Input data
....
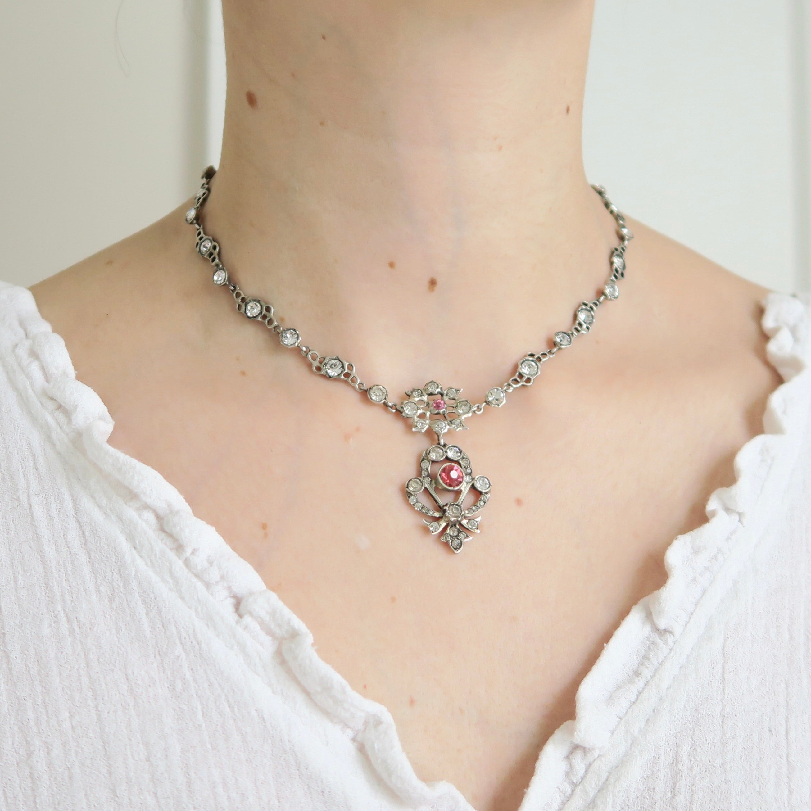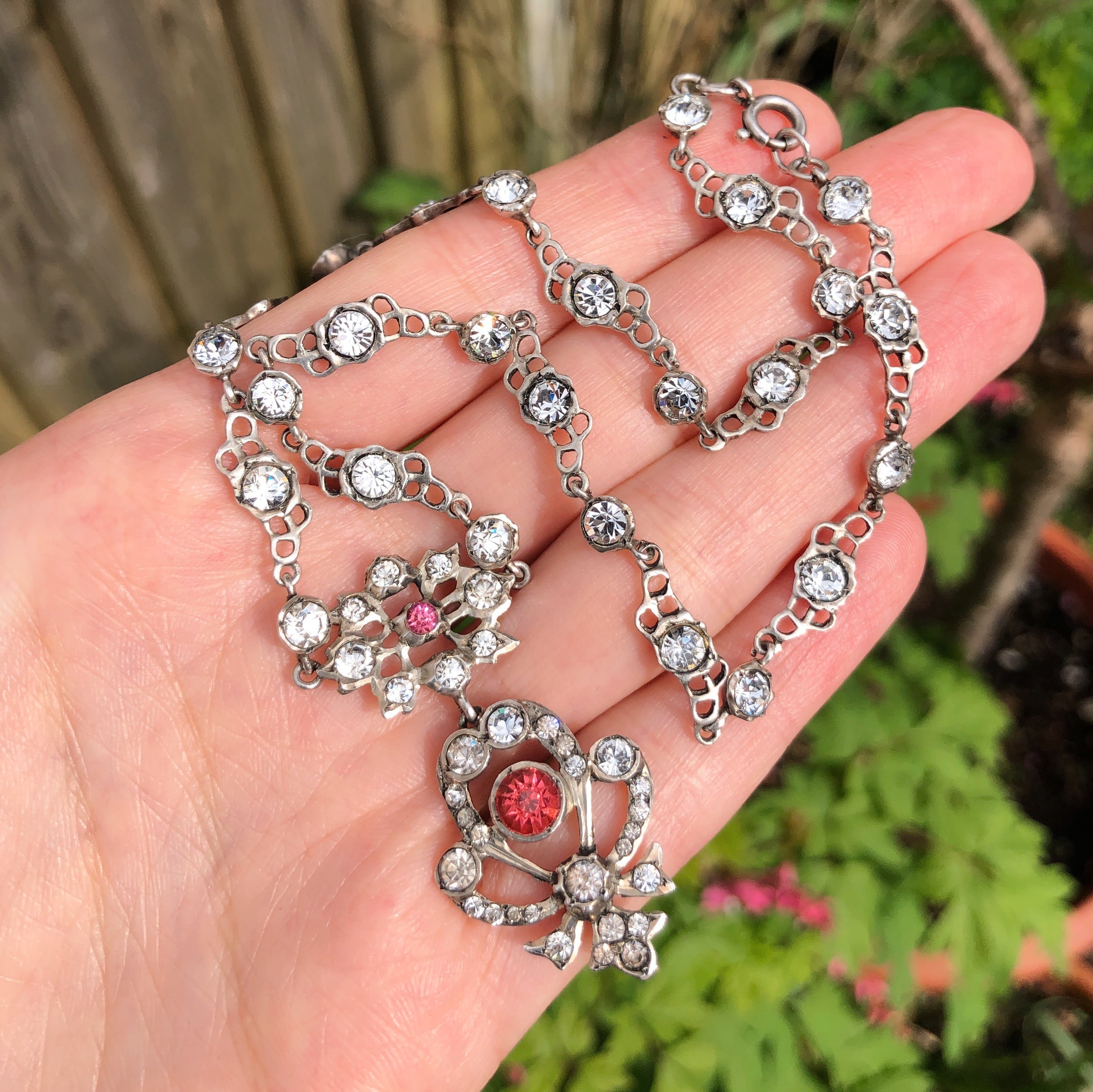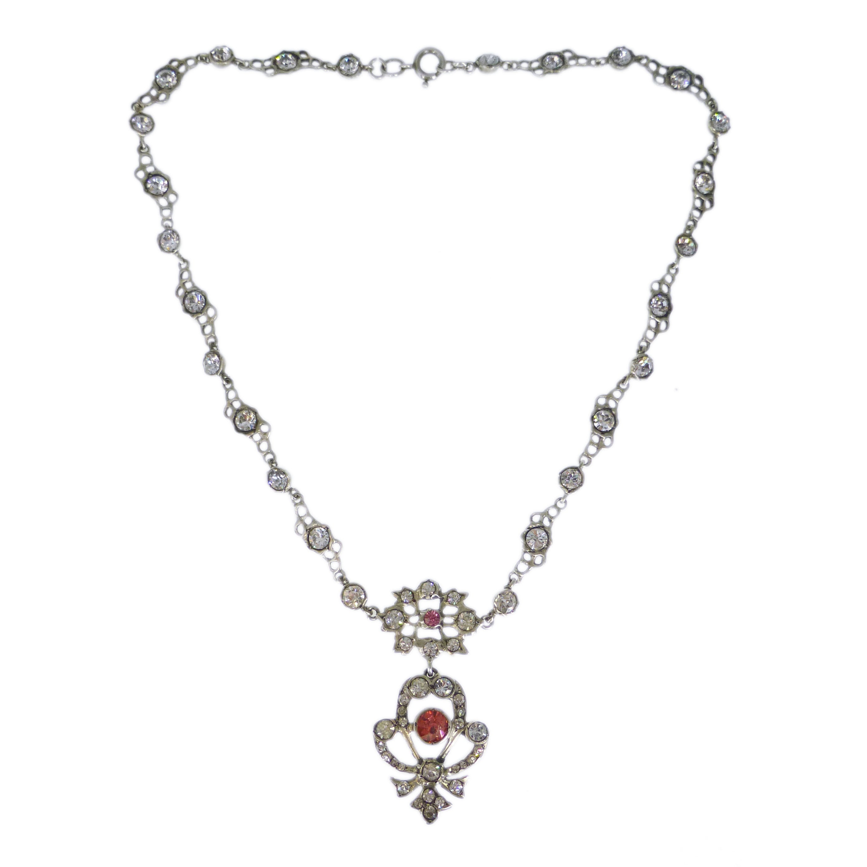 A lovely antique silver necklace dating to the Victorian period. The necklace features interlinked silver panels set with sparkling clear paste stones with an ornate drop featuring pink accent stones.
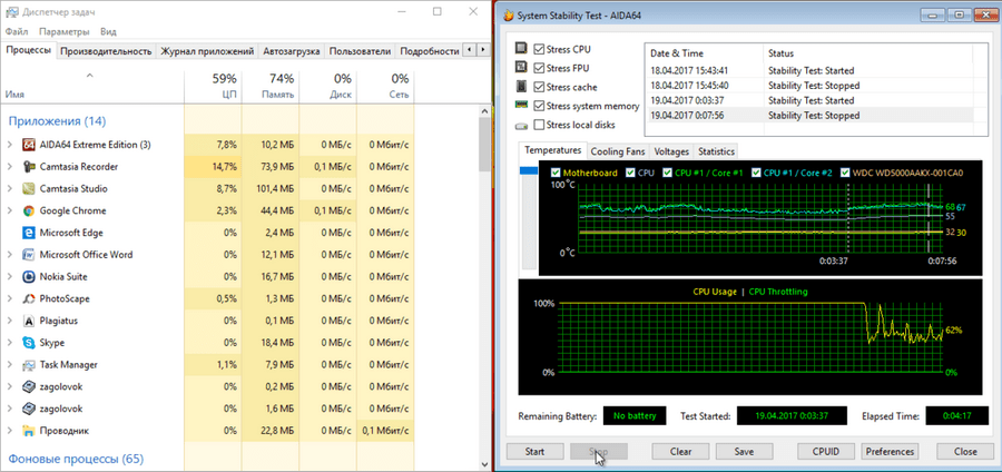 Существует несколько способов разгона процессора. ЦПУ способен дать максимальную загрузку, когда происходит архивирование документов, при обработке видеофайлов в программах, таких как Camtasia Studio, ProShow Producer и др. В момент работы этих программ можете вызвать Диспетчер задач и понаблюдать за динамикой CPU.
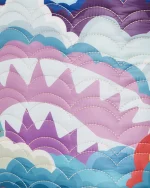100% Polyester. ?Sublimated in a soft rainbow print and quilted in a cloud design.
....
Any picture found in the data is to be skipped while the rest is copied exactly.

 A lovely antique silver necklace dating to the Victorian period. The necklace features interlinked silver panels set with sparkling clear paste stones with an ornate drop featuring pink accent stones.
 Существует несколько способов разгона процессора. ЦПУ способен дать максимальную загрузку, когда происходит архивирование документов, при обработке видеофайлов в программах, таких как Camtasia Studio, ProShow Producer и др. В момент работы этих программ можете вызвать Диспетчер задач и понаблюдать за динамикой CPU.
100% Polyester. ?Sublimated in a soft rainbow print and quilted in a cloud design.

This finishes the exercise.